CircRNA and ferroptosis

CircRNAs participate in the ferroptosis process of tumor cells through the competitive endogenous RNA (ceRNA) pathway. For example, CircABCB10 inhibits ferroptosis and apoptosis of rectal cancer cells by regulating the miR-326/CCL5 axis, providing a potential therapeutic target for the treatment of rectal cancer [138]. CircIL4R acts as a miR-541–3p sponge to regulate its target gene Gpx4; thus, circIL4R acts as a tumor promoter and ferroptosis inhibitor in liver cancer through the miR-541–3p/Gpx4 network [139]. Circ-TTBK2 uses sponge miR-761 to target ITGB8 to regulate the proliferation, invasion, and ferroptosis of glioma cells, providing a promising biomarker for the clinical treatment of human glioma [140]. The circular RNA clARS regulates the ferroptosis of HCC through the binding protein ALKBH5 [141]. To date, there have been only a few studies on circRNA in ferroptosis, which is an emerging field that needs to be further explored (Table 3).

Table 3.

circRNA associated with ferroptosis.

circRNA	Target	Mechanisms of action	Function	Reference
CircABCB10	miR-326/CCL5	CircABCB10 silence promoted ferroptosis by regulating the miR-326/CCL5 axis	Promote	[138]
CircIL4R	miR-541–3p/Gpx4	circIL4R served for ferroptosis inhibitor by the miR-541–3p/GPX4 network	Suppress	[139]
Circ-TTBK2	miR-761/ITGB8	Circ-TTBK2 regulated cell ferroptosis via targeting ITGB8 by sponging miR-761	Suppress	[140]
Circ clARS	ALKBH5	Circ cIARS positively regulating sorafenib-induced ferroptosis through suppressing the ALKBH5-mediated autophagy inhibition	Promote	[141]

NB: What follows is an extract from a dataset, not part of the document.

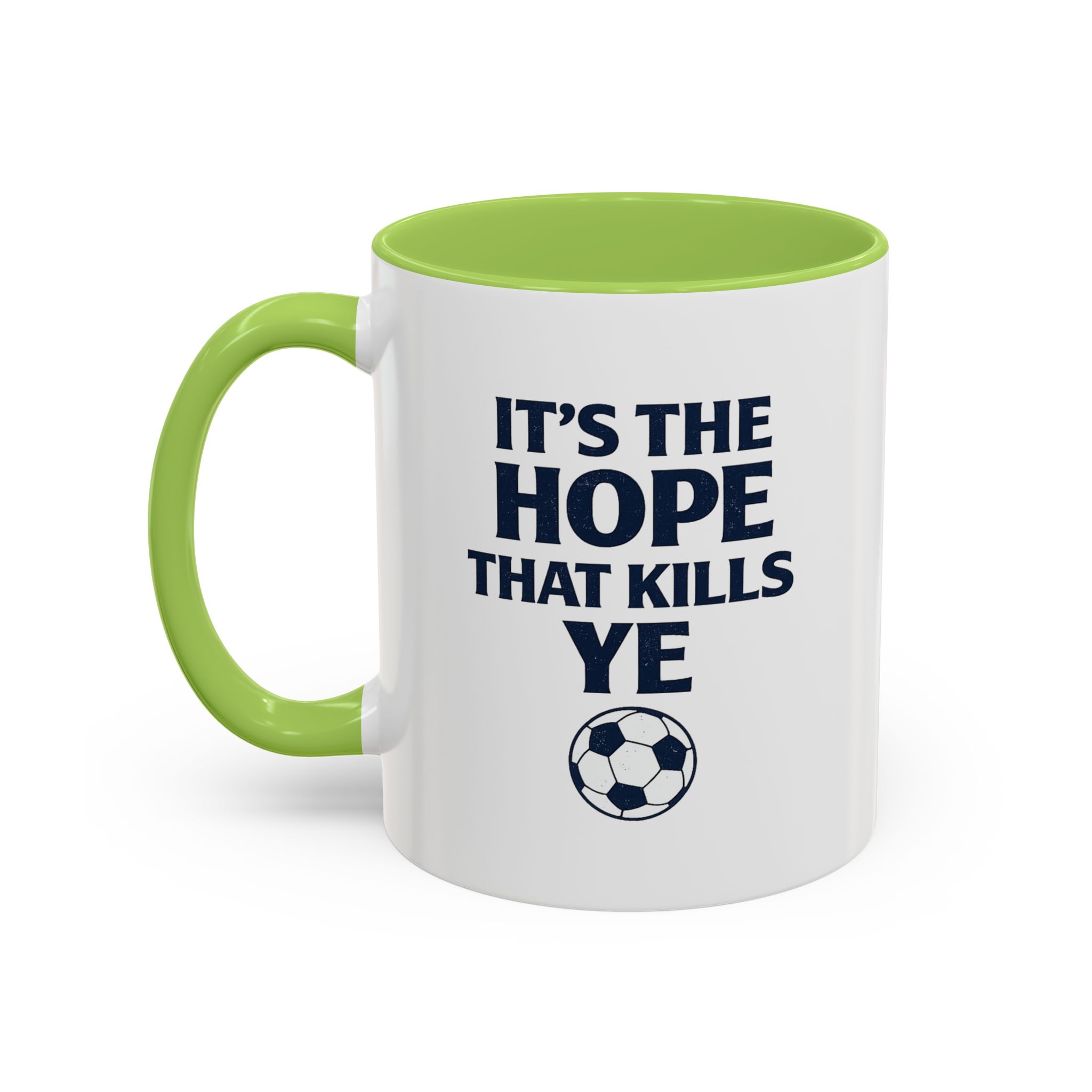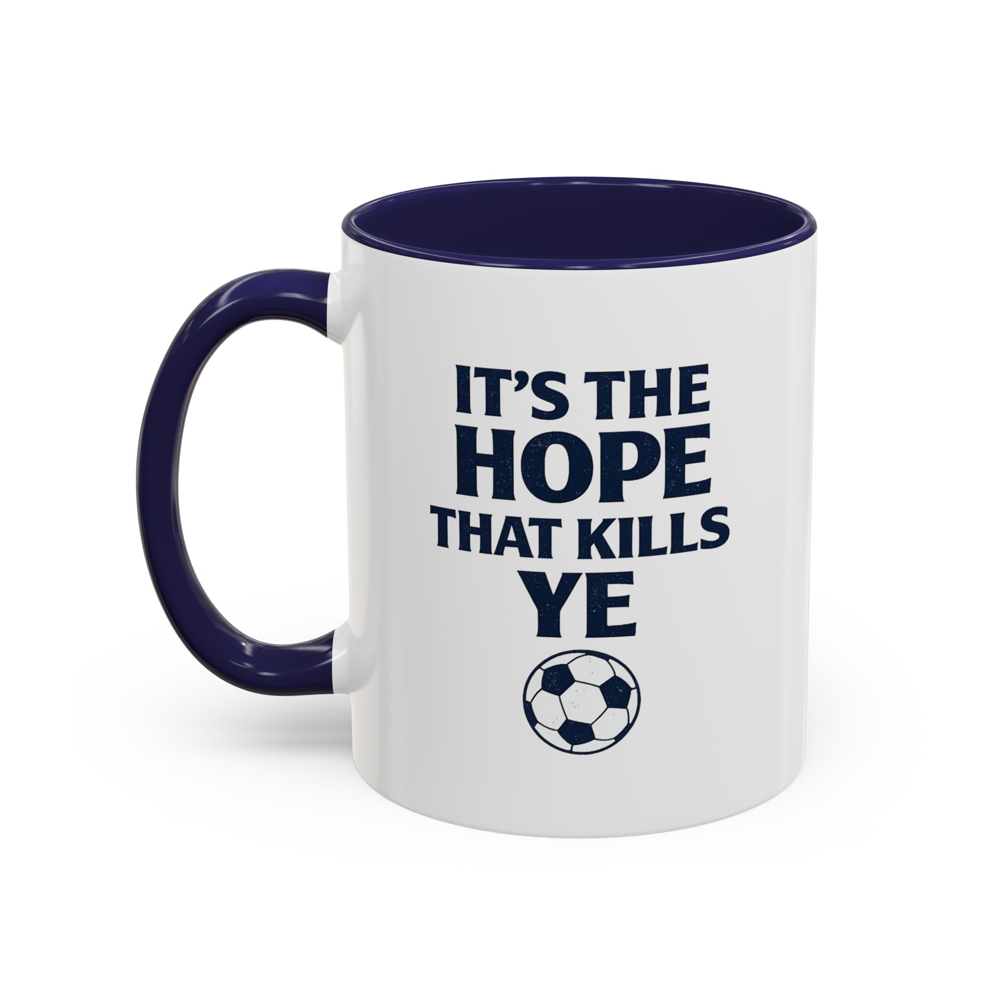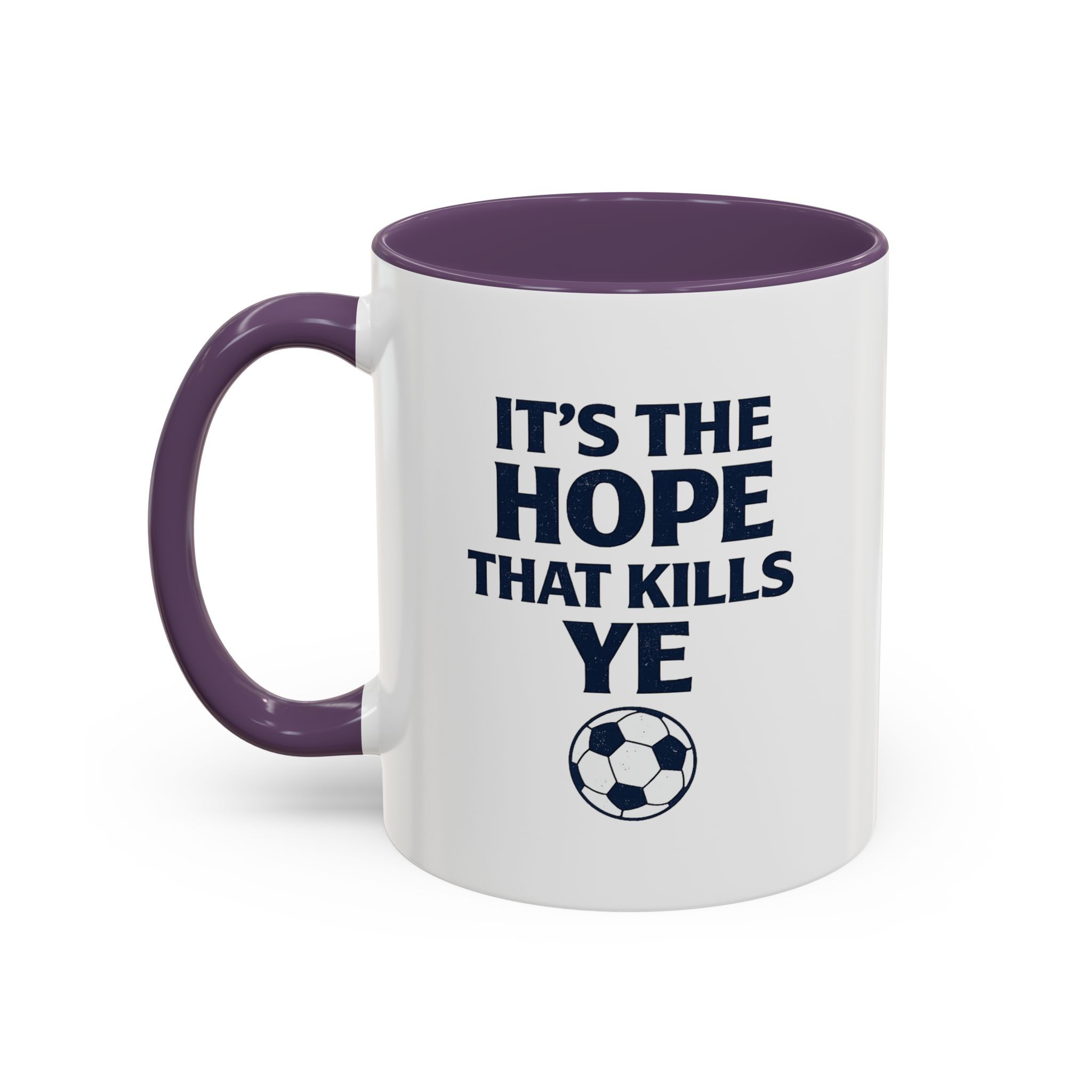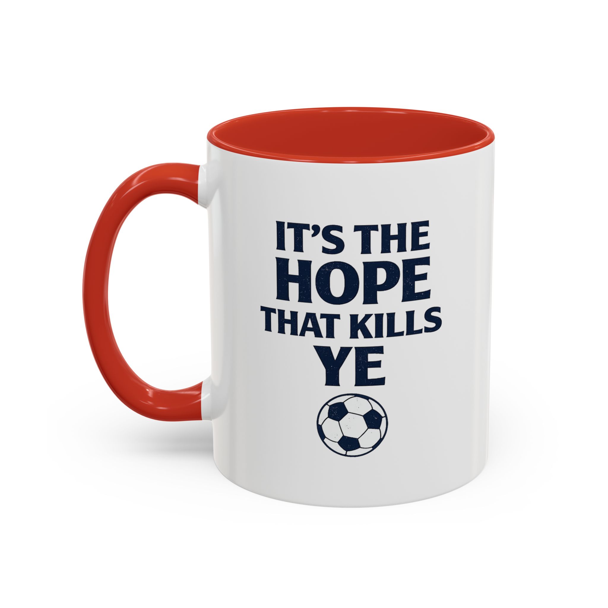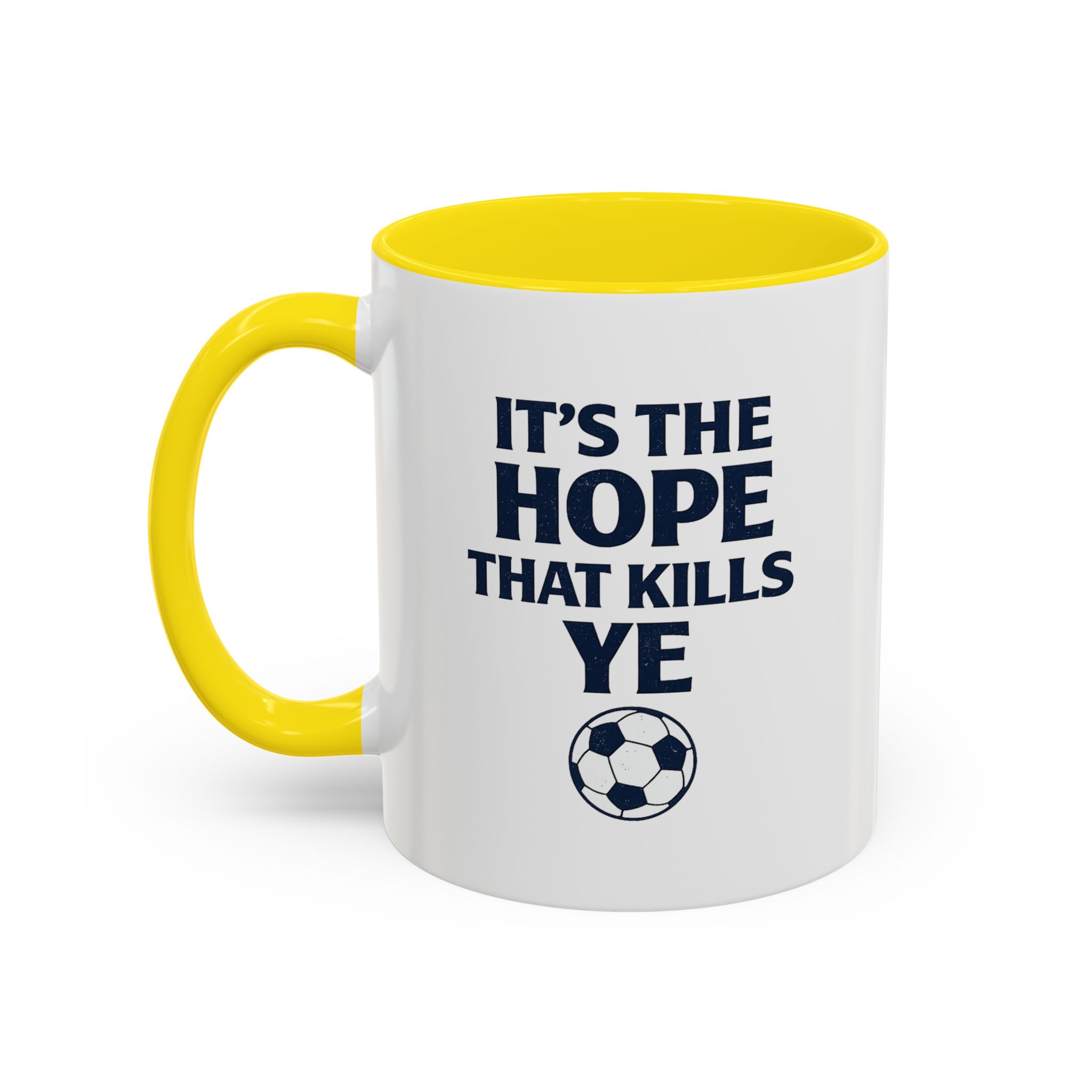 Show your love for Scottish football with this funny Scotland football mug featuring the classic fan phrase “It’s The Hope That Kills Ye.” Every member of the Tartan Army knows the emotional rollercoaster of supporting Scotland, making this mug the perfect daily reminder for passionate fans.

In recent years, researchers have detected some ncRNAs associated with ferroptosis in tumor cells. However, the specific mechanism has not been discussed yet, and there are still many obstacles in the clinical treatment of ferroptosis dependent on ncRNAs. The information summarized in our paper is not enough to support the application of ferroptosis inducers in cancer, more ncRNAs identification and further studies are needed. Downstream molecules regulated by ncRNAs, P53, HSPB1, NRF2, and NOX2, key regulators of ferroptosis, are also involved in the regulation of other cell death types [65], suggesting that ferroptosis and other types of cell death are independent and related. Further exploration of the interregulation of various types of cell death can provide insights into the role of regulatory cell death in cancer. Although it has been reported in the artical, ncRNAs may become markers to filter cancer patients who are fit for ferroptosis therapy and become therapeutic targets of ferroptosis inducers [142], there is no mature technique for ncRNA-mediated tumor therapy. To further understand the factors influencing the direction of ferroptosis regulated by these molecules, fully exert the upstream regulatory role of ncRNA in the signaling pathway, promote the pathway of ncRNA promoting ferroptosis in tumor cells, and inhibit its negative regulation of ferroptosis.

Ferroptosis in tumor therapy

Targeted cell death is a common approach in tumor therapy [143]. Since ferroptosis inducers have the possibility of targeting cancer cells specifically, the use of ferroptosis-inducing drugs can improve the antitumor efficacy of these drugs [27]. In the course of chemotherapy or targeted therapy for cancer patients, drug resistance is a key problem to be solved urgently. Viswanathan et al. found that a drug-resistant high mesenchymal state is dependent on a GPX4-regulated lipid peroxidase pathway that protects cells against ferroptosis [78]. Tumor cells may significantly enhance their oxidative stress defense ability by negatively regulating iron ions, thereby achieving drug-resistant survival. By inducing tumor cell ferroptosis, it may be possible to reverse chemotherapy or targeted therapy drug resistance [144–146]. At present, ferroptosis inducers used in clinical tumor treatment primarily inhibit the activity of System X_C- and GPX4. In addition, some natural products play an important role in inducing ferroptosis in tumor cells (Table 4).

Table 4.

Preclinical drugs associated with ferroptosis.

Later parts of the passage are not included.